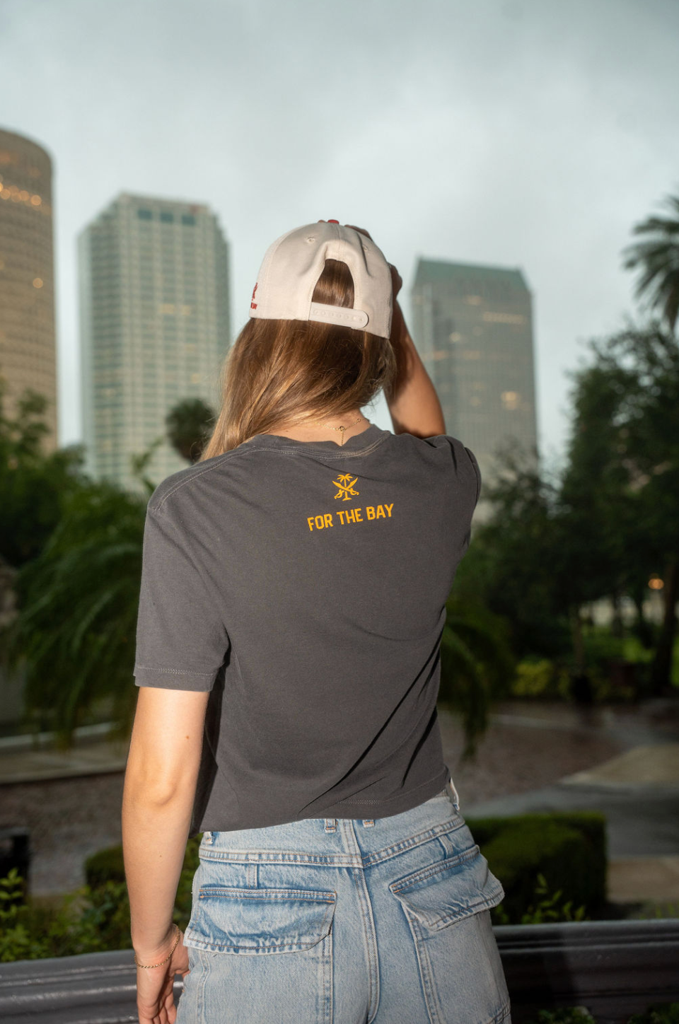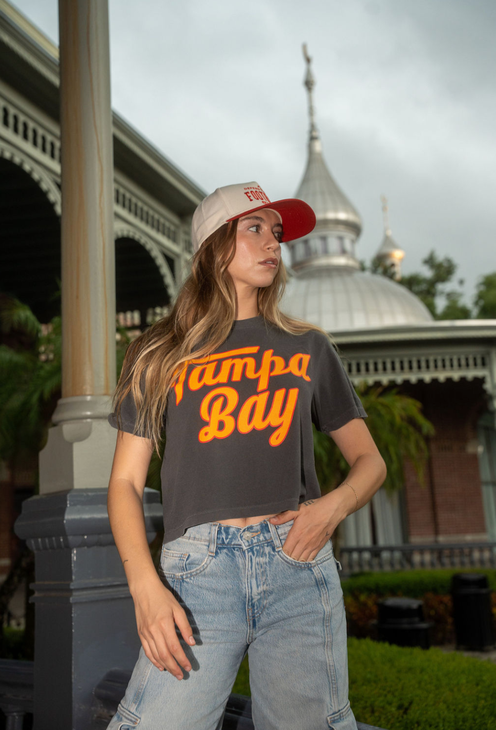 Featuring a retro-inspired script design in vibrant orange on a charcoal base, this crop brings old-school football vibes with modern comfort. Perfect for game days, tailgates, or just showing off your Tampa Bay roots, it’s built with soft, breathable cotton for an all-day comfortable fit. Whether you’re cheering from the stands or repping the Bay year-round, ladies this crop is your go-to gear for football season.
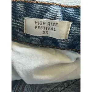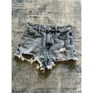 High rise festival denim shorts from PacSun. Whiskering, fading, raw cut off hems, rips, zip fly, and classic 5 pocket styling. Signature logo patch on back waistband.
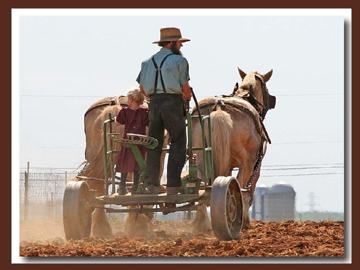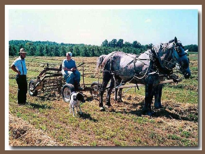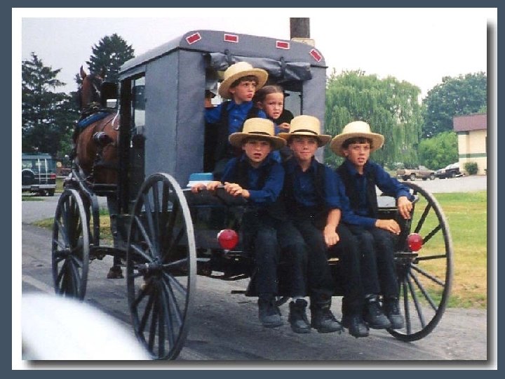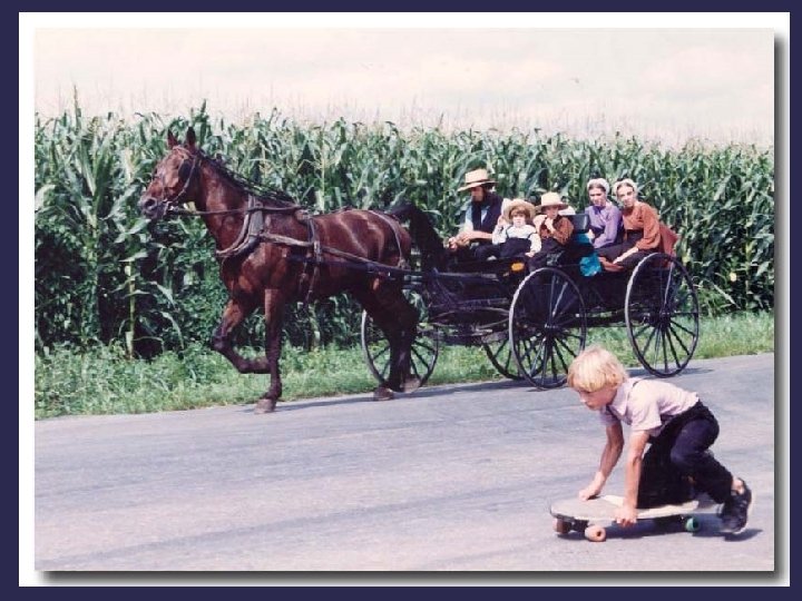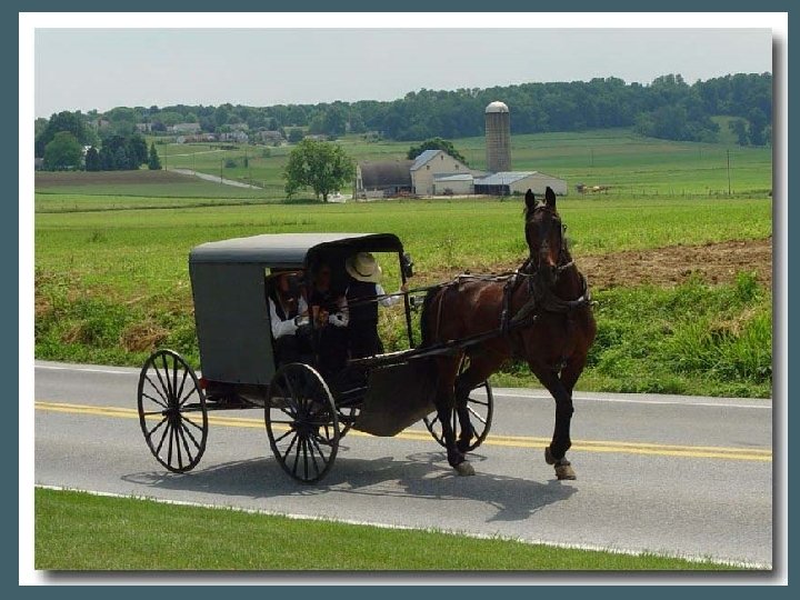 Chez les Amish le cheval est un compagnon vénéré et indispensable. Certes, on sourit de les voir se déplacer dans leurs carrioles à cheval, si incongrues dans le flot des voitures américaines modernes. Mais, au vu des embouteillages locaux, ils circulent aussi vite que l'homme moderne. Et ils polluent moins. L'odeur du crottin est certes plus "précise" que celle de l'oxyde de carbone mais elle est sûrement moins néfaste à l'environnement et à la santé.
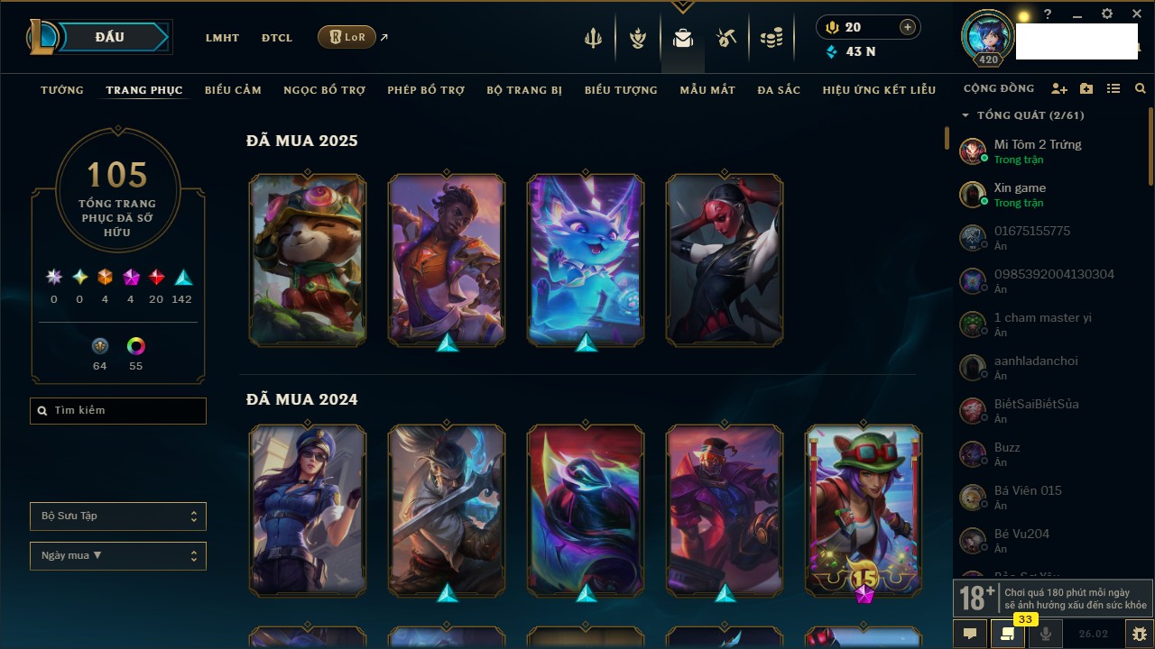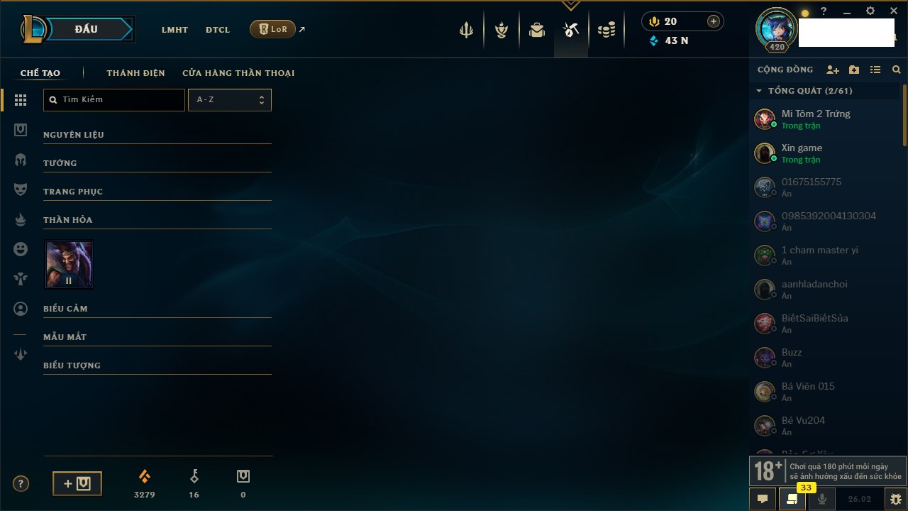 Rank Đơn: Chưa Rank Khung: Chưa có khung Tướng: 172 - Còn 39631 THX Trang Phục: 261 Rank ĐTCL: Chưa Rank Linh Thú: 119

----

Output the data above in full. Skip every picture.

◆ RESPONSE TO THIS EXERCISE
 Featuring a retro-inspired script design in vibrant orange on a charcoal base, this crop brings old-school football vibes with modern comfort. Perfect for game days, tailgates, or just showing off your Tampa Bay roots, it’s built with soft, breathable cotton for an all-day comfortable fit. Whether you’re cheering from the stands or repping the Bay year-round, ladies this crop is your go-to gear for football season.
 High rise festival denim shorts from PacSun. Whiskering, fading, raw cut off hems, rips, zip fly, and classic 5 pocket styling. Signature logo patch on back waistband.
 Chez les Amish le cheval est un compagnon vénéré et indispensable. Certes, on sourit de les voir se déplacer dans leurs carrioles à cheval, si incongrues dans le flot des voitures américaines modernes. Mais, au vu des embouteillages locaux, ils circulent aussi vite que l'homme moderne. Et ils polluent moins. L'odeur du crottin est certes plus "précise" que celle de l'oxyde de carbone mais elle est sûrement moins néfaste à l'environnement et à la santé.
 Rank Đơn: Chưa Rank Khung: Chưa có khung Tướng: 172 - Còn 39631 THX Trang Phục: 261 Rank ĐTCL: Chưa Rank Linh Thú: 119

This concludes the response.